AVl should be the most classic balanced binary search tree. The definition of balance in AVl is as follows: it means that the height difference between the left and right subtrees of any node is not more than 1; The AVL name is composed of the first letters of two people;
1, Node Node class and constructor
In order to facilitate the implementation of AVLTree mapping maps, we set the generic to the form of K V key-value pairs;
Node Node classes include key, value, left and right nodes, and Node height. The node height variable is used to maintain balance;
The root node attribute represents the root node. The size attribute represents the number of elements in AVL.
GetSize returns the number of elements; IsEmpty returns whether AVl isEmpty;
public class AVLTree<K extends Comparable<K>, V> { private class Node{ public K key; public V value; public Node left, right; public int height; public Node(K key, V value){ this.key = key; this.value = value; left = null; right = null; height = 1; } } private Node root; private int size; public AVLTree(){ root = null; size = 0; } public int getSize(){ return size; } public boolean isEmpty(){ return size == 0; },,}Copy the code
2. Judge whether binary tree is binary search tree and balanced binary tree
The way to determine whether a binary search tree is a binary search tree is to use middle-order traversal. We know that middle-order traversal of a binary search tree is in order, so we can add elements to the ArrayList by middle-order traversal, and then compare the two adjacent elements in turn.

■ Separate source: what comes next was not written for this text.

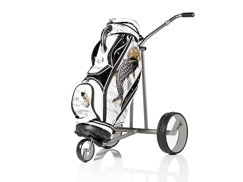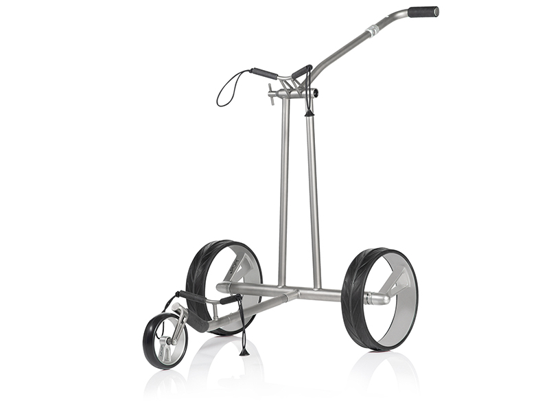 Wie ein Phantom gleitet dieser JuCad Titan-Elektrocaddy auf seinen unvergleichlichen Design-Felgen über das Fairway. Die eleganten Einspeichenfelgen aus Vollcarbon des JuCad Phantom Titan eX 2.0 sind schon eine Sensation für sich. Mit diesen Felgen und dem schlanken Titanrahmen, hervorgehoben durch die bekannte Einarmschwinge am Vorderrad und der eleganten Griffstange mit stufenlosem Geschwindigkeitsregler, wirkt der Caddy wie eine schwebende Erscheinung. Das intelligente Technikpaket sorgt für optimalen Komfort und beinhaltet leise Brushless Motoren mit einer beidseitigen Parkbremse für sicheren Halt auf steilstem Gelände sowie Magnetstecker und eine integrierte Ladestandsanzeige. Dank seiner komfortablen Falttechnik wird der Caddy in Sekundenschnelle auf ein superflaches Packmaß gebracht und verstaut. Höchsten Fahrkomfort bieten der hochfeste Titanrahmen, das kraftvolle und leise 48V Antriebssystem mit den Funktionen Vorwärts, Rückwärts, Neutral und automatischer Vorlauf sowie die Fernsteuerung. Ein besonderes Highlight ist auch das JuCad Powerlock-System, das gleichzeitig die Fixierung der oberen Baghalterung sowie der Griffstange ermöglicht. Der JuCad Phantom Titan eX 2.0 wird inklusive einer praktischen Tragetasche mit separatem Räderbeutel und der bewährten JuCad Fernsteuerung geliefert.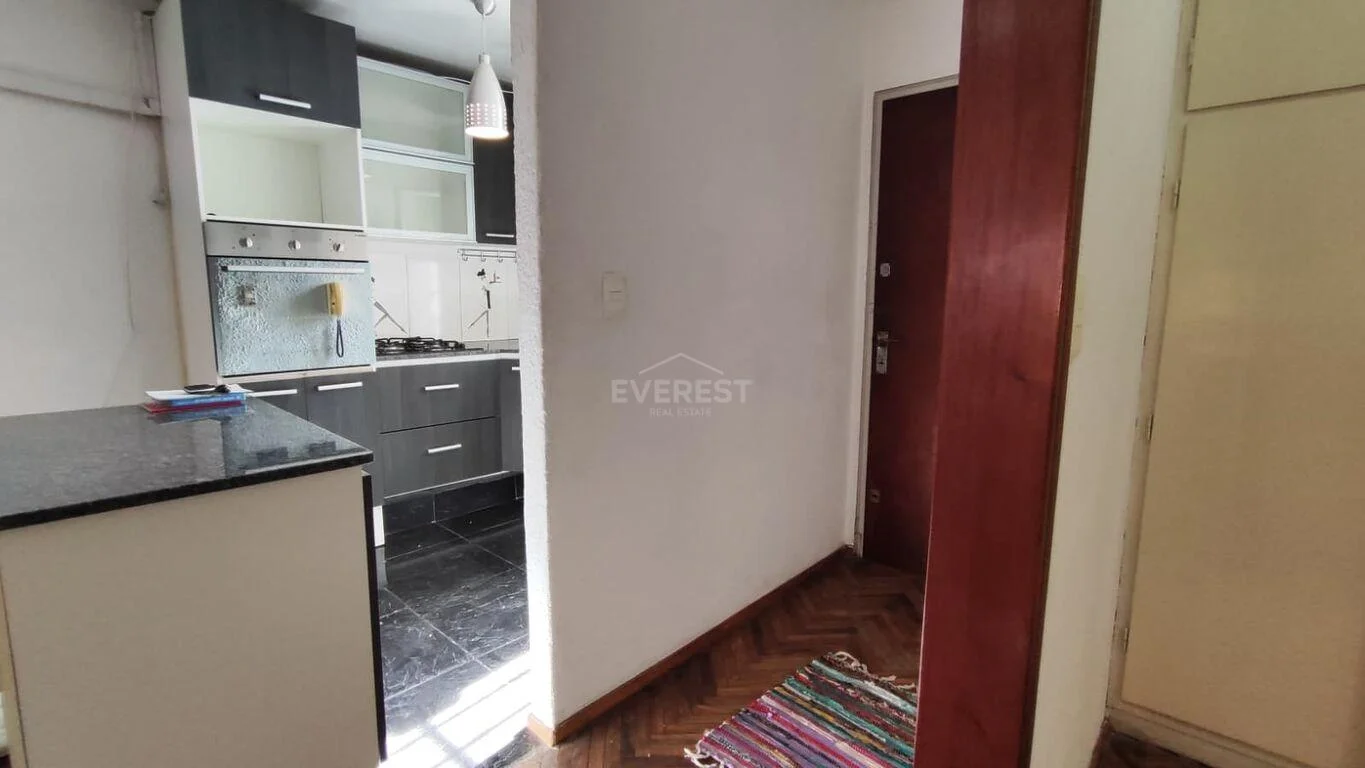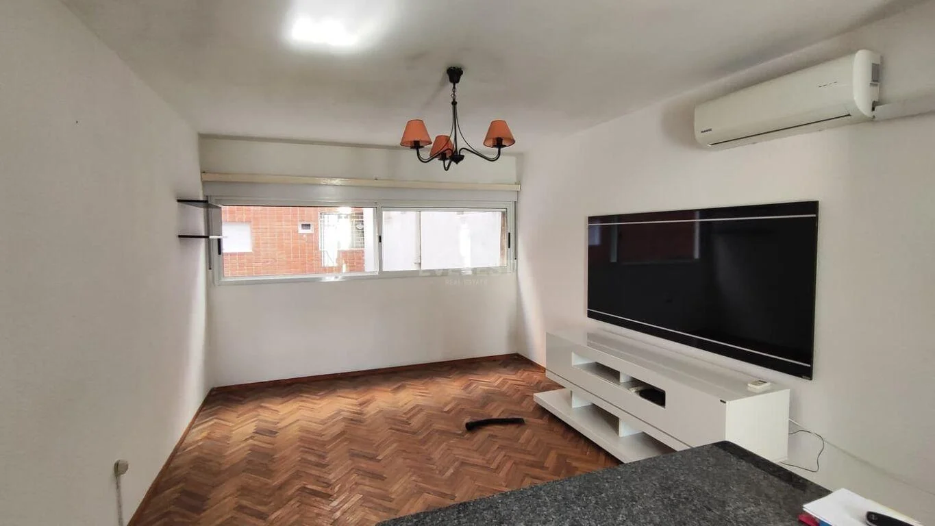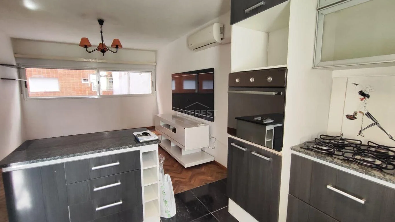 Ingresamos al living con aire acondicionado y ventana, cocina integrada muy comoda, con anafe y horno empotrado , por la cual se accede al soleado patio, dormitorio de gran dimension con placar y 1 baño completo.

To judge whether it is a balanced binary tree, we use the height attribute value of the node; We use recursion to judge. We call the height difference between the left and right subtrees of the node as the balance factor. Therefore, if the balance factor is greater than 1, it means that it is not a balanced binary tree, false is returned. Otherwise, continue to look at the balance factor of the left and right subtrees until the recursion ends;
Public Boolean isBST(){ArrayList<K> keys = new ArrayList<>(); inOrder(root, keys); for(int i = 1 ; i < keys.size() ; i ++) if(keys.get(i - 1).compareTo(keys.get(i)) > 0) return false; return true; } private void inOrder(Node node, ArrayList<K> keys){ if(node == null) return; inOrder(node.left, keys); keys.add(node.key); inOrder(node.right, keys); } public Boolean isBalanced(){return isBalanced(root);} // check whether the binary tree isBalanced. } private Boolean isBalanced(Node Node){if(Node == null) return true; int balanceFactor = getBalanceFactor(node); if(Math.abs(balanceFactor) > 1) return false; return isBalanced(node.left) && isBalanced(node.right); } private int getHeight(node node){if(node == null) return 0; return node.height; } private int getBalanceFactor(node node){if(node == null) return 0; return getHeight(node.left) - getHeight(node.right); }Copy the code
3, right rotation and left rotation operation
When the three nodes x, Y and Z degenerate into a positive and oblique linked list style, the right rotation operation is required. At this time, the right rotation of y node is performed and the new root node X is returned after rotation.
When the three nodes x, Y and Z degenerate into an antiskew linked list style, the sitting rotation operation is required. At this time, the y node is rotated left and the new root node X is returned after rotation.
// Rotate y to the right, Return to rotate after the new root node x/x/y / / /, /, / / x T4 spin to the right (y) z y / / / \ -- -- -- -- -- -- -- -- > /, /, / / z T3 T1 T2, T3, T4 / / / / / / T1 T2 private Node rightRotate(Node y) { Node x = y.left; Node T3 = x.right; // right rotation process x.light = y; y.left = T3; // Update height y.eight = math.max (getHeight(y.ft), getHeight(y.ft)) + 1; x.height = Math.max(getHeight(x.left), getHeight(x.right)) + 1; return x; } // Rotate y to the left, Return to rotate after the new root node x/x/y / / /, /, / / T1 left rotation (y) x y z / / / \ -- -- -- -- -- -- -- -- > / \ \ / T1 / T2 z T2, T3, T4 / / / / / / T3, T4 private Node leftRotate(Node y) { Node x = y.right; Node T2 = x.left; // rotate to the left x.left = y; y.right = T2; // Update height y.eight = math.max (getHeight(y.ft), getHeight(y.ft)) + 1; x.height = Math.max(getHeight(x.left), getHeight(x.right)) + 1; return x; }Copy the code
4. Add elements to AVL tree
Adding elements to an AVL tree is the same as adding elements to a binary search tree by recursion;
After adding elements, we need to maintain balance, first updating the height of the node, then calculating the balance factor, and finally maintaining balance by rotating left or right according to the four cases of imbalance, which we have discussed above.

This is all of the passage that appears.